EXERCISE BRIEF: Below are the records; extract from them the line containing "Allegations include surveillance" to the line containing "Burberry 用大廓型凸顯瀟灑,Blumarine 以鉚釘點綴增加酷感;Bally", both lines included, exactly and with no pictures.

DATASET ENTRIES:
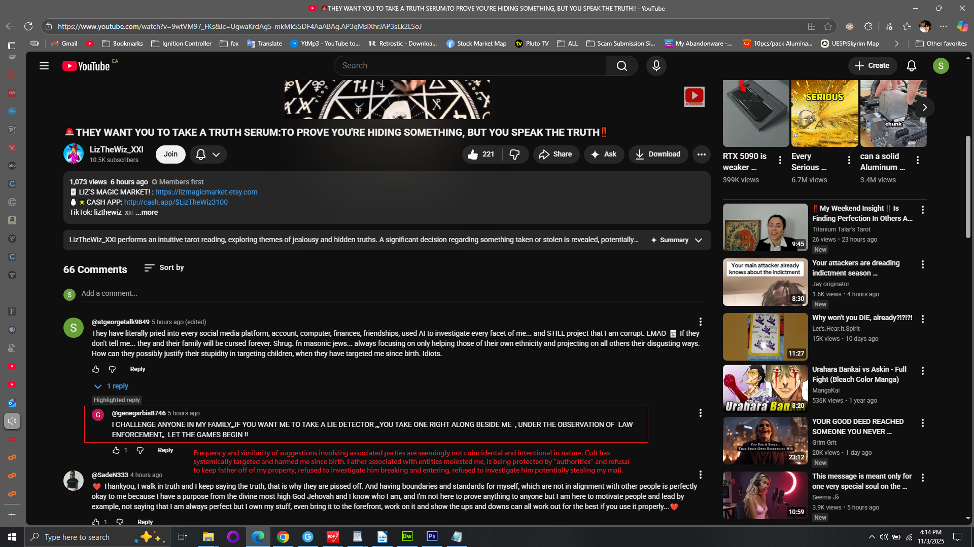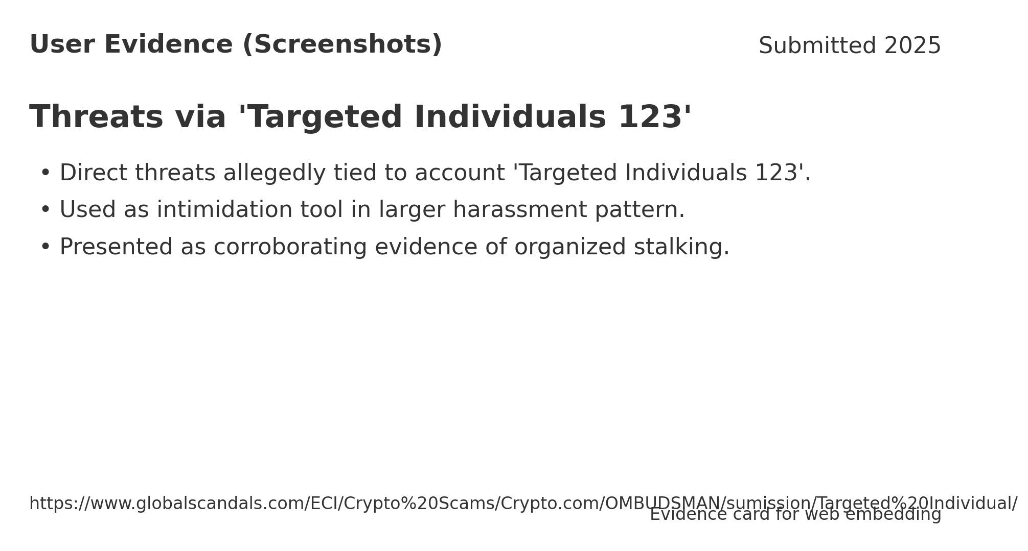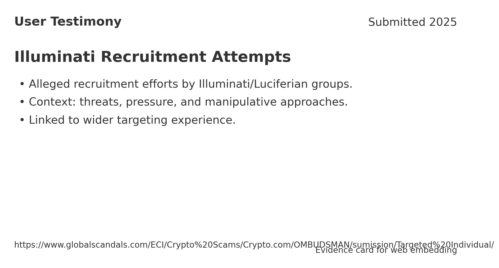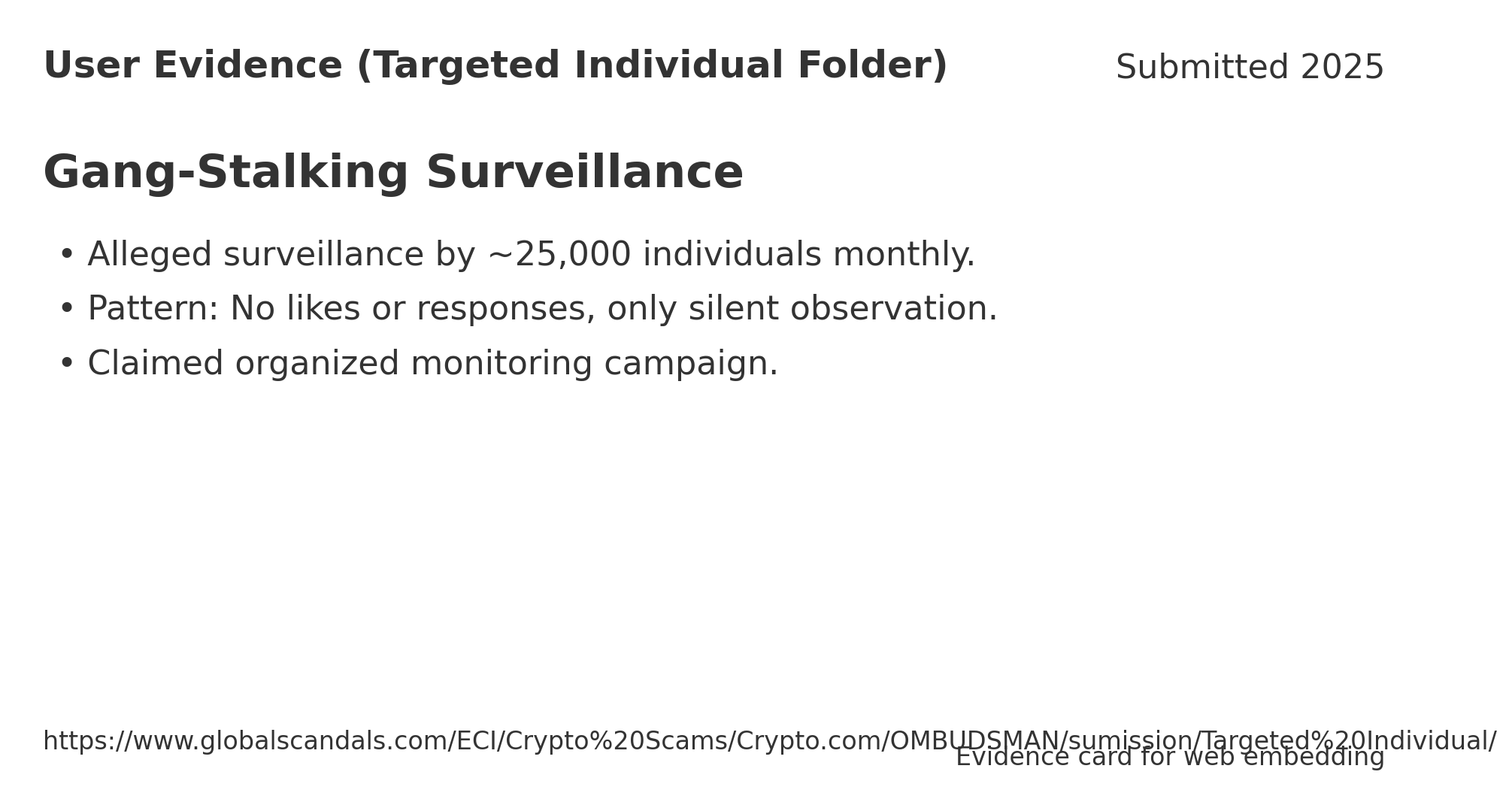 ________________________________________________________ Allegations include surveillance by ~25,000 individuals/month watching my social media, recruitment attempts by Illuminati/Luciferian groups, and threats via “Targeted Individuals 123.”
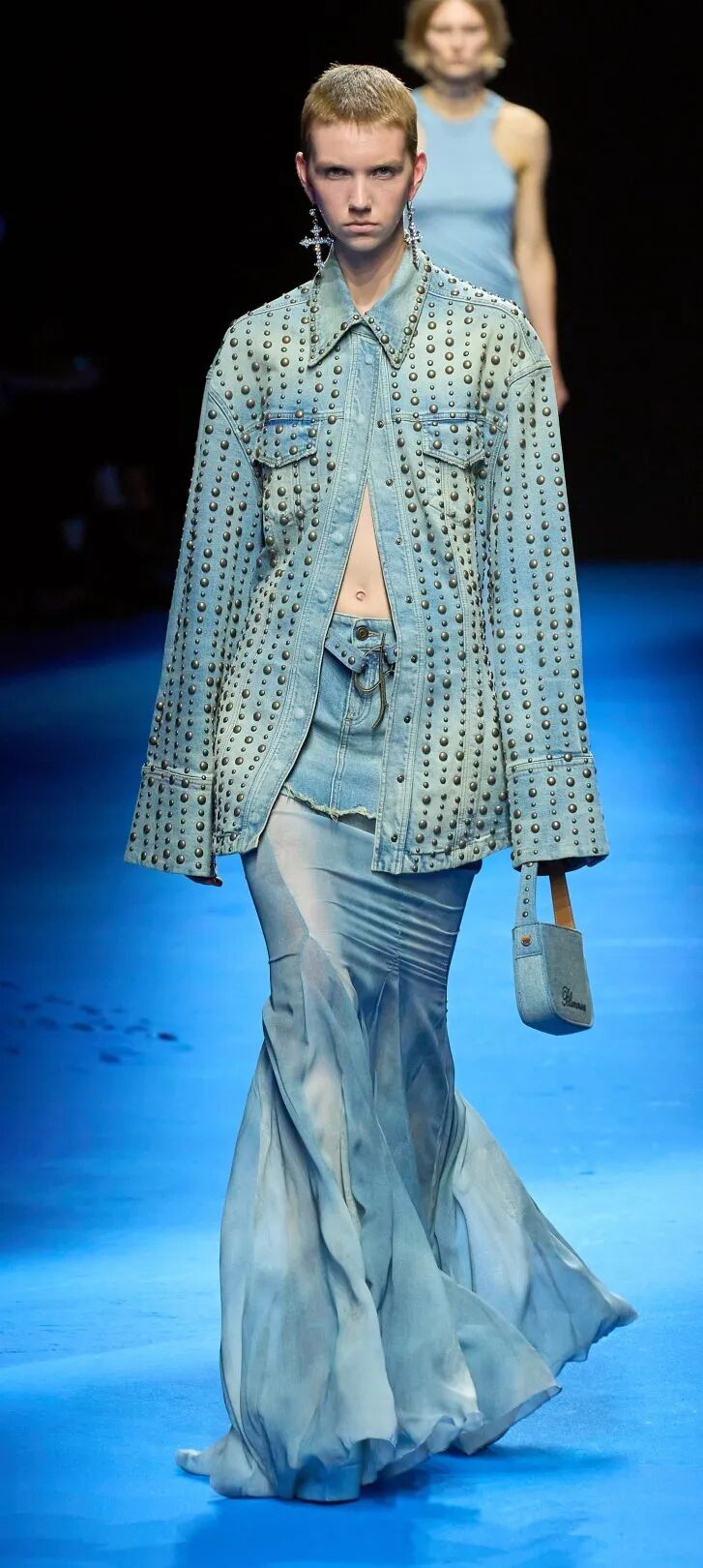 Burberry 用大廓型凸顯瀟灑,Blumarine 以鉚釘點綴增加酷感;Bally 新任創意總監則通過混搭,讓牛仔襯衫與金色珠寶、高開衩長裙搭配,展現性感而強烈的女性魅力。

--

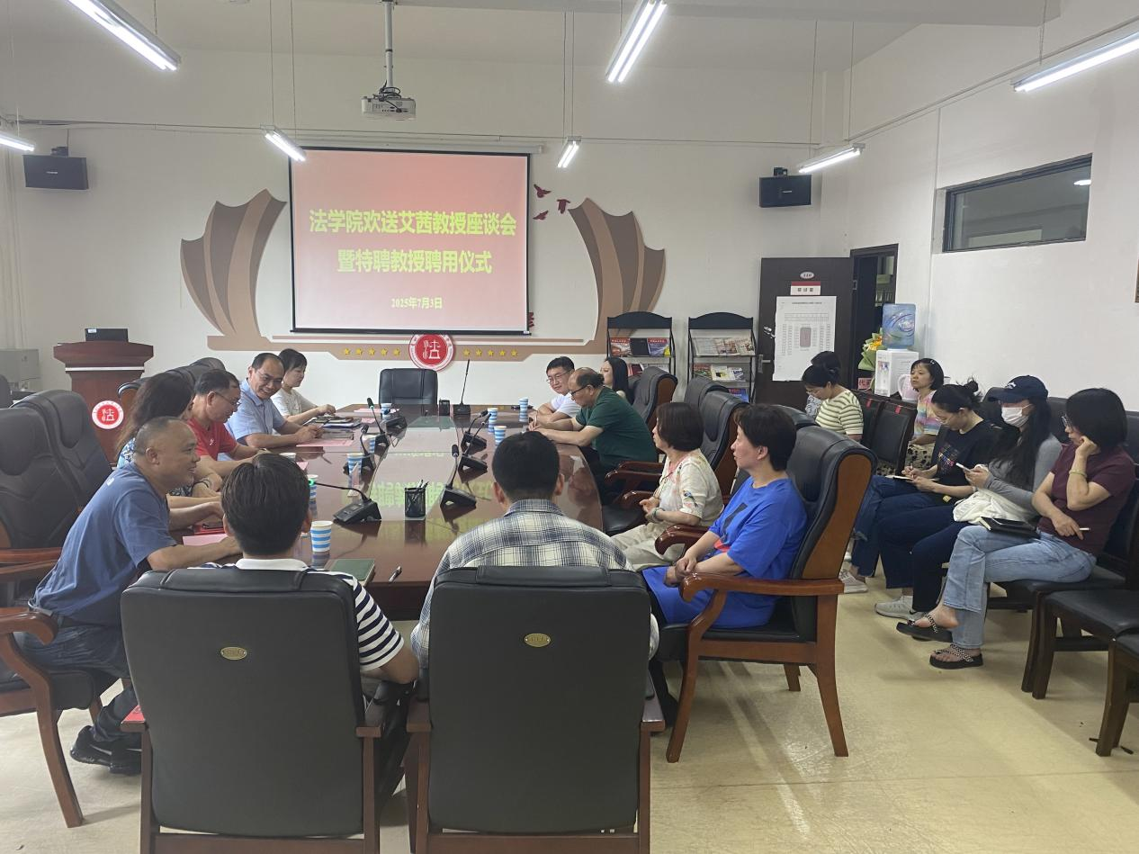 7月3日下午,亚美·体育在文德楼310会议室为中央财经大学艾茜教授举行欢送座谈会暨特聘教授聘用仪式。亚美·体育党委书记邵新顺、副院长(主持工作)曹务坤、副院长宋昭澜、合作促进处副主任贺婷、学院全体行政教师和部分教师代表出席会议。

EXERCISE RESPONSE:
 ________________________________________________________ Allegations include surveillance by ~25,000 individuals/month watching my social media, recruitment attempts by Illuminati/Luciferian groups, and threats via “Targeted Individuals 123.”
 Burberry 用大廓型凸顯瀟灑,Blumarine 以鉚釘點綴增加酷感;Bally 新任創意總監則通過混搭,讓牛仔襯衫與金色珠寶、高開衩長裙搭配,展現性感而強烈的女性魅力。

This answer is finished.